Commander of the Royal Netherlands Army
- In office 5 September 2005 – 13 March 2008
- Preceded by: Lieutenant general Marcel Urlings
- Succeeded by: Lieutenant general Rob Bertholee

Personal details
- Born: 15 June 1955 (age 70) Nijmegen, Netherlands

Military service
- Allegiance: Netherlands
- Branch/service: Royal Netherlands Army
- Years of service: 1972–2012
- Rank: General
- Commands: Chief of Defence Commander of the Royal Netherlands Army 11th Airmobile Brigade
- Battles/wars: Cold War Lebanon (UNIFIL); ; Bosnian War SFOR; ; War on terror Iraq War; War in Afghanistan; ;

= Peter van Uhm =

Dutch general

Petrus Johannes Mathias "Peter" van Uhm (born 15 June 1955) is a retired Royal Netherlands Army general. He served as Chief of Defence of the Armed forces of the Netherlands from 17 April 2008 until 28 June 2012. He previously served as the Commander of the Royal Netherlands Army from 5 September 2005 until 13 March 2008.

==Biography==
Van Uhm was born in the Dutch city of Nijmegen, the son of a baker. He is the elder brother of Marc van Uhm, who is also a general in the Royal Netherlands Army. He was first attracted to a career in the army in high school, where he heard stories about the liberation of Nijmegen in 1944. He enrolled at the Koninklijke Militaire Academie in Breda in 1972, attending the Infantry officer training course. He completed his training within the required four years and was posted to the 48th Mechanised Infantry Battalion in 's-Hertogenbosch in 1976. He served there until 1982, with a short break in 1978 during which he served as a platoon commander at the Royal Military School in Weert. In 1982 Van Uhm was reassigned to the 43rd Mechanised Infantry Battalion as a Company Commander for Company A; he was deployed to Lebanon in this role in 1983 as part of the UNIFIL mission. Returning to The Netherlands a captain, he was posted the 48th Armoured Infantry Battalion for a short stint.

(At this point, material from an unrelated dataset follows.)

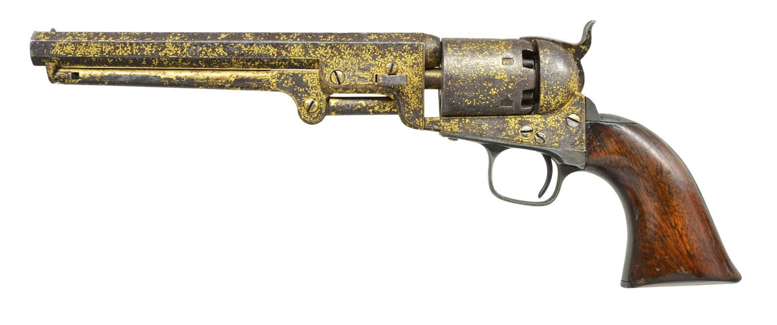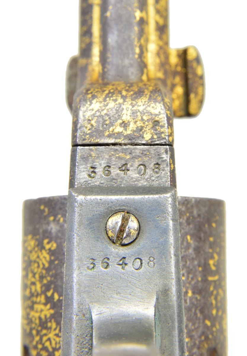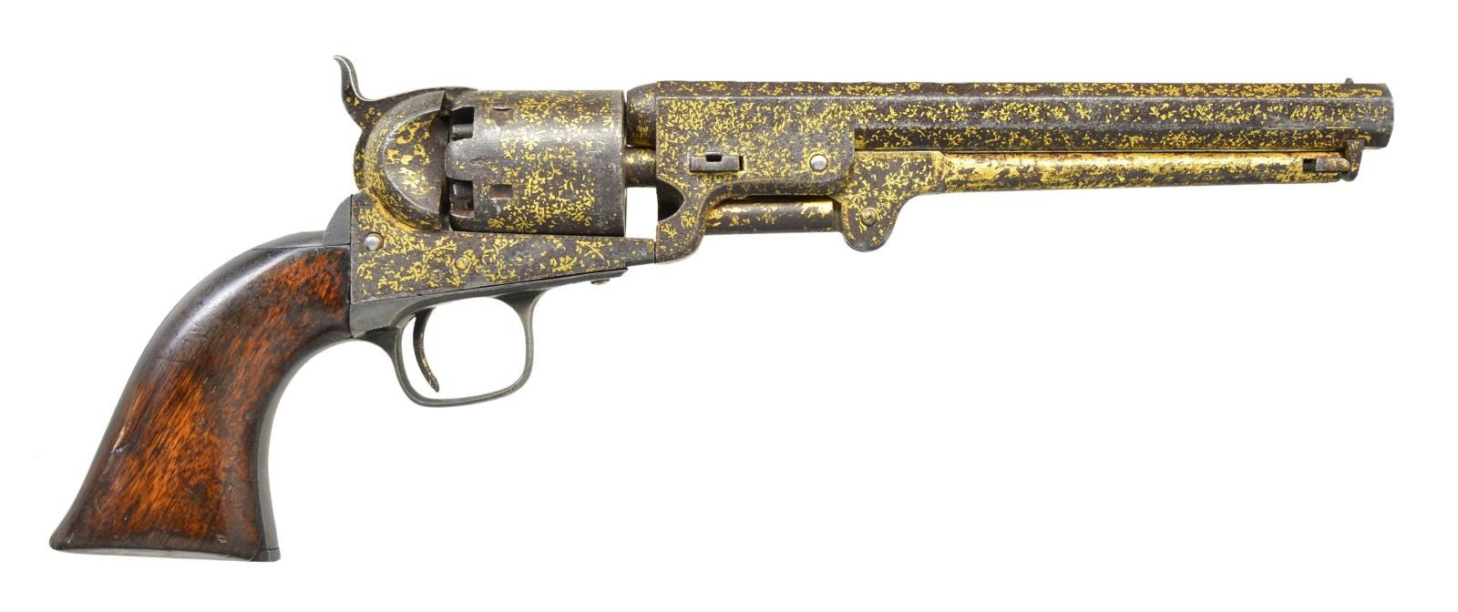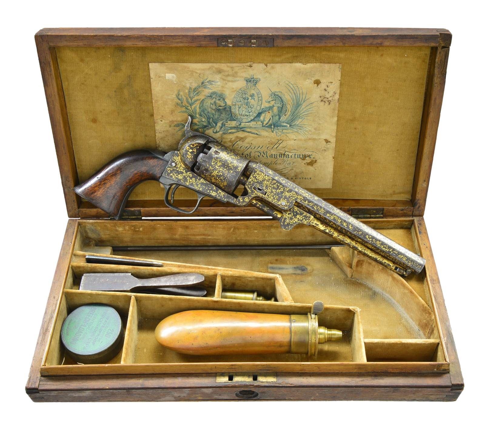 NAVY REVOLVER. Cal. 36. S# 36408. Bbl. 7 1/2" octagon w/ cone style front sight & London address. Round six shot cyl. Bbl. & cyl. have British proofs. Bbl., cyl. & frame have full coverage gold damascene engraving. 3rd model revolver w/ small round iron trigger guard. 1 piece walnut grips. UNATTACHED ACCESSORIES: Colt casing w/ faded fitted cloth interior. Inside of lid has B. Cogswell label w/ London address. Case contains powder flask, 2 cavity mold, nipple wrench, brass oil bottle, slotted tip cleaning rod & cap tin. Case is in fair condition, lid has full length crack down the middle. Case bottom shows cracks & chips. CONDITION: fair. Gun has general brown patina appearance retaining 60% gold damascene finish. Bbl. has heavy dents along top flat. Several action screws are replacements. Refinished grips show heavy wear & marks w/ chips at toe. Action is worn & will not hold at full cock. Dark pitted bore. (01-22871/JB). ANTIQUE. $4,000-6,000.

From 1984 to 1986 Van Uhm attended the Staff Service and Advanced Military Studies courses at the Royal Netherlands Army Staff College at The Hague. Following this (and a promotion to major) he was assigned to the First Division staff as deputy Head of Operations. He then held the position of Head of the Training Policy Office at the Royal Netherlands Army Staff and (following promotion to lieutenant-colonel), Head of the Training Section.

In 1991 Van Uhm spent some time working at the Ministry of Foreign Affairs as a liaison officer, aiding in the preparation of the European Community Monitoring Mission (ECMM). Following that he served as head of the Plans Division at the staff of Dutch First Corps. In 1994, following the creation of the Dutch 11th Infantry Battalion Air Assault Brigade, Van Uhm was appointed Battalion Commander of their Grenadiers and Rifles Guards. He served there for a year, until his promotion to full colonel in 1995, when he was transferred to the Personal Office of the Commander of the Royal Netherlands Army, as Head of the Office. He then served as Head of the General Policy Division of the Army Staff and then as Head of the Military-Strategic Affairs Division of the Defense Staff.

At the turn of the millennium Van Uhm, then a brigadier general, was assigned to headquarters of the Stabilisation Force SFOR in Sarajevo as Assistant Chief of Staff for Joint Military Affairs. Van Uhm assumed command of the entire 11th Air Assault Brigade in July 2001 and of the 11th Air Manoeuvre Brigade following that. (The Air Manoeuvre Brigade was a combined force consisting of the Air Assault Brigade and the Tactical Helicopter Group).

Completing two years as Commander of the Air Assault Brigade, Van Uhm was subsequently appointed Deputy Director of Policy and Planning with the Royal Dutch Army staff in 2003. He was appointed Director (with a promotion to major general) in July 2004. He held this position until 8 July 2005, when he succeeded Major General Leen Noordzij as commanding officer of Operational Command ‘7 December’. This was followed shortly, on 5 September 2005, by promotion to Commander of the Royal Netherlands Army (Commandant der Landstrijdkrachten, C-LAS). Commensurate with this office he was promoted to lieutenant general and held the post until 13 March 2008, when he was succeeded by Lieutenant General Rob Bertholee. He was awarded the Bronzen Soldaat at that time, for his exceptional service to the army.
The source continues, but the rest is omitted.